Осмелился поднять голову — медленно. Осторожно. По диску луны проносились прядки облаков, точно смутные мечущиеся мысли. Вязы застыли в неподвижности; заросший бурьяном, весь в рытвинах проселок, который назывался «Аллея Акаций», был пуст; нигде не движения, только ветер беспокойно и нескончаемо перебирал стебли трав. Вся природа притихла, будто под гнетом страшного видения.
Нечто-Без-Лица исчезло в ночи.
В Крест-Хилле нескончаемый дразнящий бриз с озера Нуар уносился и уносился на юг через наши жизни.
Куда в изгнании, и позоре, и опасении за свою жизнь наш отец привез свою семью — жену и пятерых детей, чтобы жить в разваливающемся доме своего деда среди девяноста акров заброшенной земли в сельском Контракере у более низких восточных отрогов гор Шатокуа.
Гора Морайя в двенадцати милях прямо на запад. Гора Провенанс в двадцати милях к югу.
Где миллионы лет назад гигантские ледники ползли будто живые хищные существа из Арктики, выдавливая, выцарапывая кошмарные формы — горные пики, бездонные пропасти, зубчатые хребты, кряжи, ущелья с крутыми стенами и узкие долины и речные низины.
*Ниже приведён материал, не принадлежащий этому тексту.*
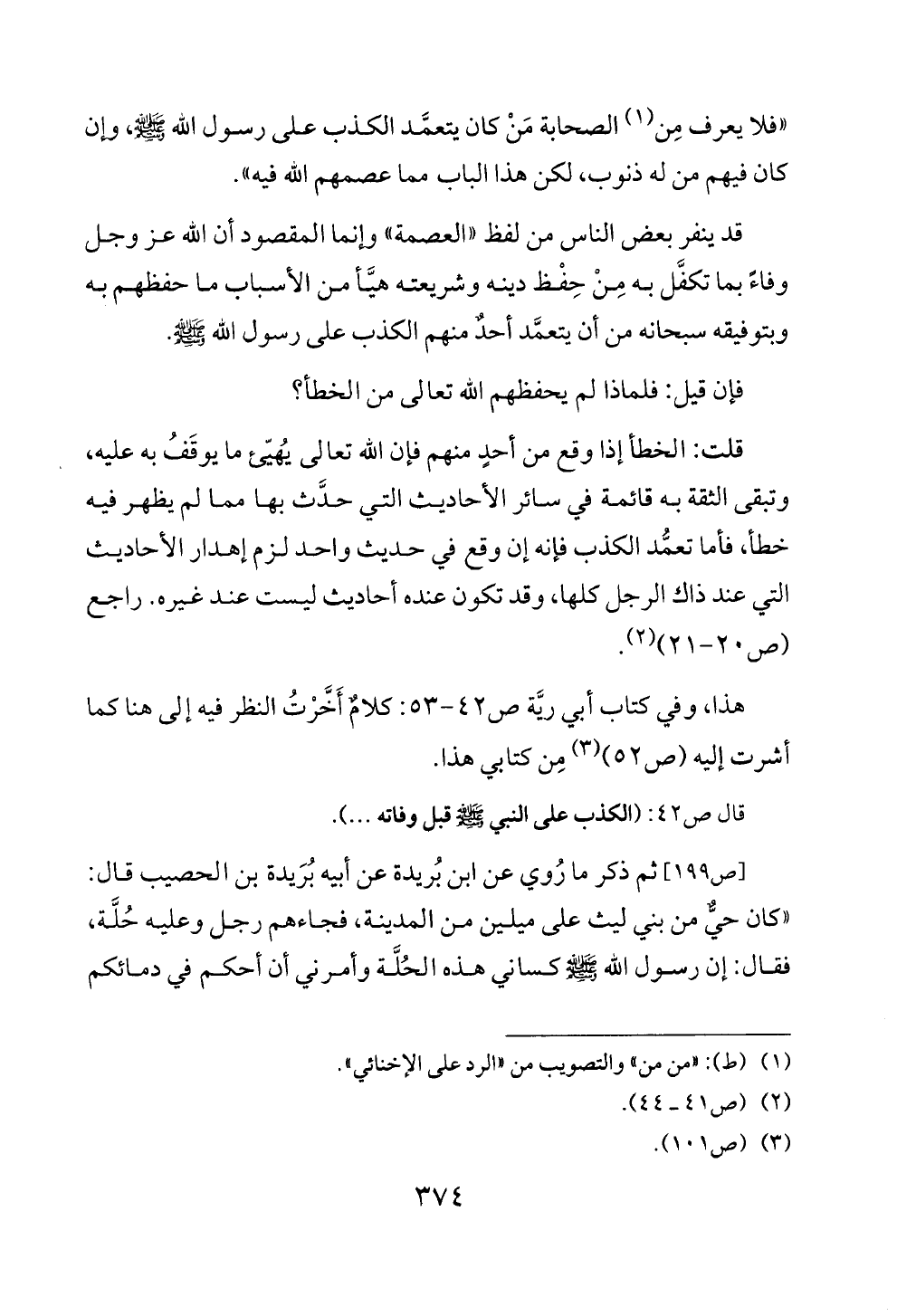 قلت: الخطأ إذا وقع من أحدٍ منهم فإن الله تعالى يُهيّئ ما يوقَفُ به عليه، وتبقى الثقة به قائمة في سائر الأحاديث التي حدَّث بها مما لم يظهر فيه خطأ، فأما تعمُّد الكذب فإنه إن وقع في حديث واحد لزم إهدار الأحاديث التي عند ذاك الرجل كلها، وقد تكون عنده أحاديث ليست عند غيره. راجع (ص ٢٠ - ٢١) (¬٢).

Где в Пасхальное воскресенье в середине мая может пойти снег, а в середине августа ночной воздух уже может пахнуть осенью, неминуемым приходом зимы.
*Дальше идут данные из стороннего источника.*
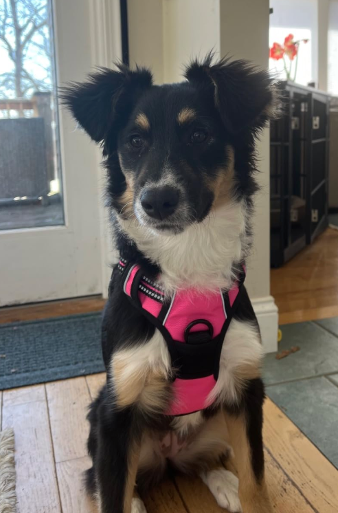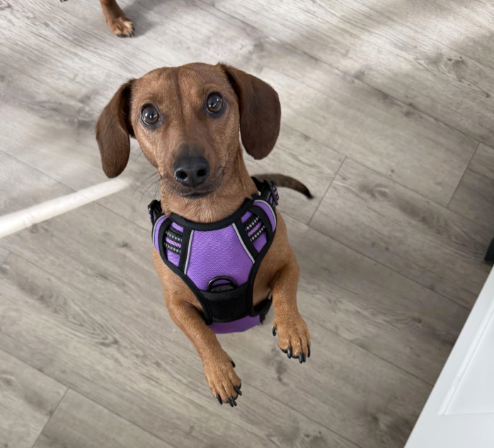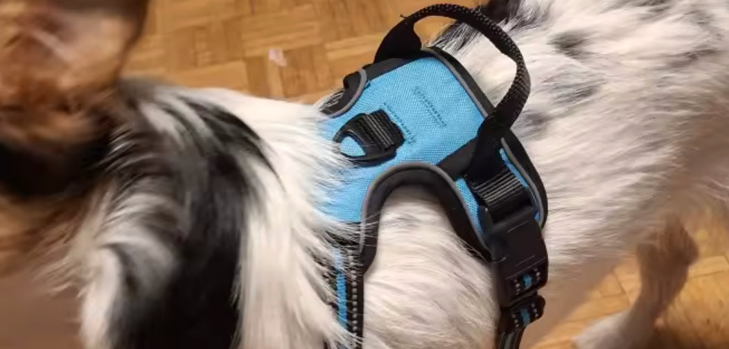 Een halti vond hij echt verschrikkelijk maar dit tuig doet hij graag om. En het verschuift niet en drukt niet onder de oksels.

Крест-Хилл, построенный в 1909 году Мозесом Адамсом Мейтсоном, богатым владельцем текстильных фабрик, на гребне ледниковой морены в трех милях от озера Нуар (получившем такое название[17] из-за своей воды: родниковая чистая, например, в стакане, она в озере казалась необъяснимо темной, матовой, как вар) и в пяти милях к востоку от Контракера (тихого городка примерно с 8500 жителей) на берегу Блэк-ривер. Название Крест-Хилл объяснялось тем, что дом неоклассического стиля был построен в форме укороченного креста из розового известняка и гранита; теперь, после долгих лет запустения (сын Мозеса Адамса Мейтсона, его единственный наследник, не пожелал жить там), угрюмый, как старый разбитый корабль, дрейфующий в море некошеной травы, бурьяна и молодой поросли.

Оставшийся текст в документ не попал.